As of mid-2026: Anthropic Claude 3.x and Claude 4.x series support prompt caching with explicit cache control headers — you mark the prefix to cache, and subsequent calls hitting that prefix are billed at 10% of normal input price. OpenAI GPT-4o models have automatic prompt caching that triggers for prompts over 1,024 tokens with a 50% discount on cached tokens. Google Gemini 1.5 and 2.0 models support "context caching" for prefixes over 32k tokens (minimum cache size). For short system prompts under 1k tokens, Anthropic's explicit caching is the most accessible option.
Most developers are surprised by agentic loop costs because they reason about them linearly: "10 steps = 10 API calls, so 10× the cost of one call." But this misses how context windows work.

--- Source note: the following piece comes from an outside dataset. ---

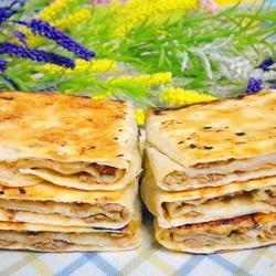 9.Place a layer of meat filling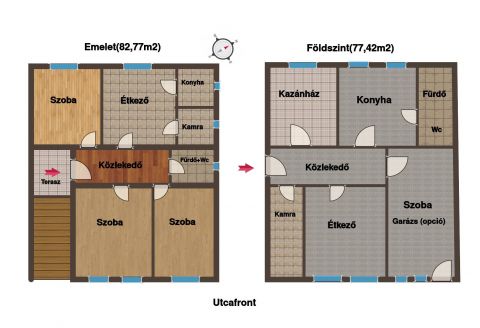 A földszinti lakrész - 77,42m2, az emeleti lakrész - 82,77m2.

Each call in a loop carries forward all prior messages, so the input size — and therefore input cost — grows with every step.
The classic example: you build a research agent that calls 8 tools in sequence. You benchmark the cost of a single tool call ($0.002) and estimate your 8-step loop at $0.016. The real cost is closer to $0.072 — because step 8 processes 7 prior assistant responses plus 7 prior tool results as input context, not just one tool call. Steps 1–7 also accumulated context, making the total much higher than expected.
The most impactful lever is reducing output tokens per step, because these accumulate as future input. A 50% reduction in output verbosity cuts total input token cost by roughly 25% on a 10-step loop — a bigger effect than switching from GPT-4o to GPT-4o mini on the output side alone.
Prompt caching is the second most impactful optimization when your constant prefix (system prompt + tool definitions) is large. At 1,200 tokens of constant prefix across 10 steps with Claude 3.5 Sonnet, caching saves roughly $0.000032 per loop — not huge for one loop, but at 20 loops/day and 30 days/month that's ~$0.19/month per agent instance. At enterprise scale (10,000 loops/day), that's $960/month from just enabling caching.
What is the fastest way to cut agentic loop costs by 50%?
Switch to a cheaper model for non-critical steps. If your agent uses Claude 3.5 Sonnet for all 10 steps, using Claude 3.5 Haiku for steps 1–7 and Sonnet only for the final synthesis step cuts costs by roughly 70%. The key insight: most intermediate steps in a research or coding agent don't require the full capabilities of a frontier model — they're doing simple tool dispatching or formatting. Reserve the expensive model for synthesis, judgment, and final output.
How do token counts change if my agent uses function calling?
Function calling (tool use) typically adds 200–600 tokens per call to your context: the tool call JSON, the tool result, and any parsing overhead. These count as part of the accumulated context and grow with each step. If your agent makes one function call per step with a 300-token tool result, that adds to the input_per_step baseline — your effective input accumulation is higher than the raw "input per step" figure alone.